Assigned task
Without the pictures, write out all the lines below exactly as they appear.

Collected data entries
====

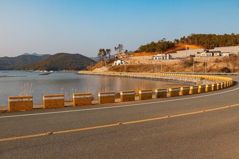 고성군 삼산면 룡대미 어촌 체험마을 표지판이 보이는 곳에서 얼마간 달려가면 탁 트인 발다가 나오는데요. 그림 같은 해안 길이 너무 아름다워 고성에 이런 데가 있었나 싶었습니다. 드라이브 코스로 인기 좋은 동해면 해안 도로 못지않게 삼산면 해안 도로 정말 멋졌답니다.
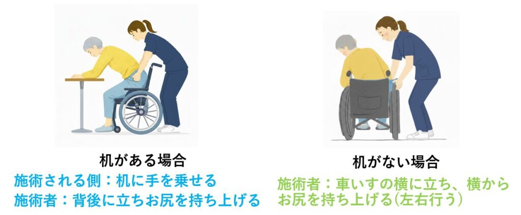 ①机に患者さんの腕を乗せてもらったうえで介助者が臀部を持ち上げる(イラスト左)
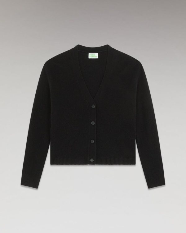 Cardigan à coupe courte. Boutons tons sur tons siglés et bouton de rappel. Le pull de mi-saison idéal à porter seul ou par dessus une jupe ou une robe en soie. Un bon basique du vestiaire FROM FUTURE, disponible dans 13 couleurs. Le plus léger de nos cachemires, le plus étudié aussi : 2 fils tricotés en déjaugé pour une maille aérienne et moelleuse, confortable quelque soit la saison.
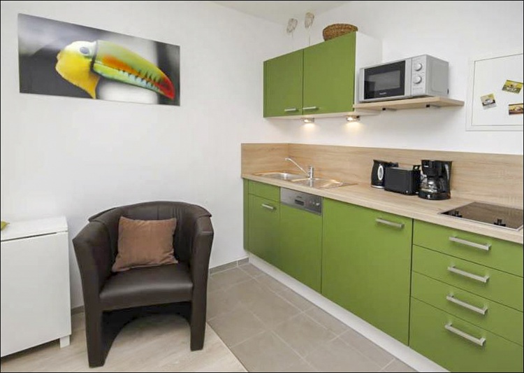 An den Wohn-Schlafbereich grenzt die komfortable Einbauküche, welche voll ausgestattet ist. Hier finden Sie einen 2-Platten-Herd, Kühlschrank mit ****-Gefrierfach, Mikrowelle mit Grillfunktion, Toaster, Kaffeemaschine und natürlich genügend Geschirr, Töpfe und Pfanne.
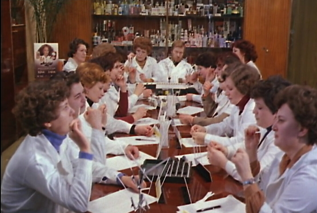 Но мало кто знает, что остальные участники этой сцены - не актрисы, а реальные парфюмеры из Всесоюзного Научно-Исследовательского Института синтетических и натуральных душистых веществ. И эти кадры сняты в помещении ВНИИСНДВ, где действительно решалась судьба большинства советских ароматов - быть или не быть им запущенными в производство.
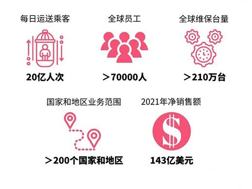 奥的斯的身影几乎遍布全球大都市,这家成立于1853年历史悠久的电梯业巨头,每天在全球运送乘客约20亿人次,拥有超过7万名员工,维保电梯和自动扶梯超210万台,规模居行业之首。2021年,奥的斯的业务范围覆盖全球超过200个国家和地区,净销售额达143亿美元。
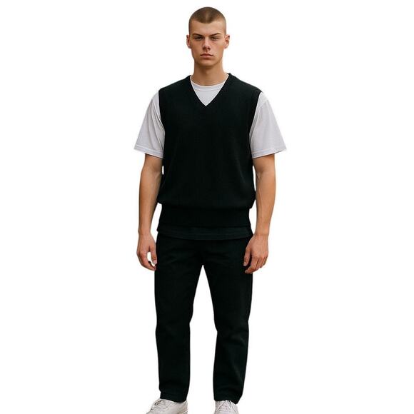 Step into timeless style with this vintage Alan Stuart sweater vest in classic black. Made from 100% acrylic, this men's size large vest features a V-neckline and ribbed hems, perfect for layering over a collared shirt or wearing solo for a sleek minimalist look. Lightweight and versatile—ideal for both casual and business casual outfits.

====

Exercise answer
 고성군 삼산면 룡대미 어촌 체험마을 표지판이 보이는 곳에서 얼마간 달려가면 탁 트인 발다가 나오는데요. 그림 같은 해안 길이 너무 아름다워 고성에 이런 데가 있었나 싶었습니다. 드라이브 코스로 인기 좋은 동해면 해안 도로 못지않게 삼산면 해안 도로 정말 멋졌답니다.
 ①机に患者さんの腕を乗せてもらったうえで介助者が臀部を持ち上げる(イラスト左)
 Cardigan à coupe courte. Boutons tons sur tons siglés et bouton de rappel. Le pull de mi-saison idéal à porter seul ou par dessus une jupe ou une robe en soie. Un bon basique du vestiaire FROM FUTURE, disponible dans 13 couleurs. Le plus léger de nos cachemires, le plus étudié aussi : 2 fils tricotés en déjaugé pour une maille aérienne et moelleuse, confortable quelque soit la saison.
 An den Wohn-Schlafbereich grenzt die komfortable Einbauküche, welche voll ausgestattet ist. Hier finden Sie einen 2-Platten-Herd, Kühlschrank mit ****-Gefrierfach, Mikrowelle mit Grillfunktion, Toaster, Kaffeemaschine und natürlich genügend Geschirr, Töpfe und Pfanne.
 Но мало кто знает, что остальные участники этой сцены - не актрисы, а реальные парфюмеры из Всесоюзного Научно-Исследовательского Института синтетических и натуральных душистых веществ. И эти кадры сняты в помещении ВНИИСНДВ, где действительно решалась судьба большинства советских ароматов - быть или не быть им запущенными в производство.
 奥的斯的身影几乎遍布全球大都市,这家成立于1853年历史悠久的电梯业巨头,每天在全球运送乘客约20亿人次,拥有超过7万名员工,维保电梯和自动扶梯超210万台,规模居行业之首。2021年,奥的斯的业务范围覆盖全球超过200个国家和地区,净销售额达143亿美元。
 Step into timeless style with this vintage Alan Stuart sweater vest in classic black. Made from 100% acrylic, this men's size large vest features a V-neckline and ribbed hems, perfect for layering over a collared shirt or wearing solo for a sleek minimalist look. Lightweight and versatile—ideal for both casual and business casual outfits.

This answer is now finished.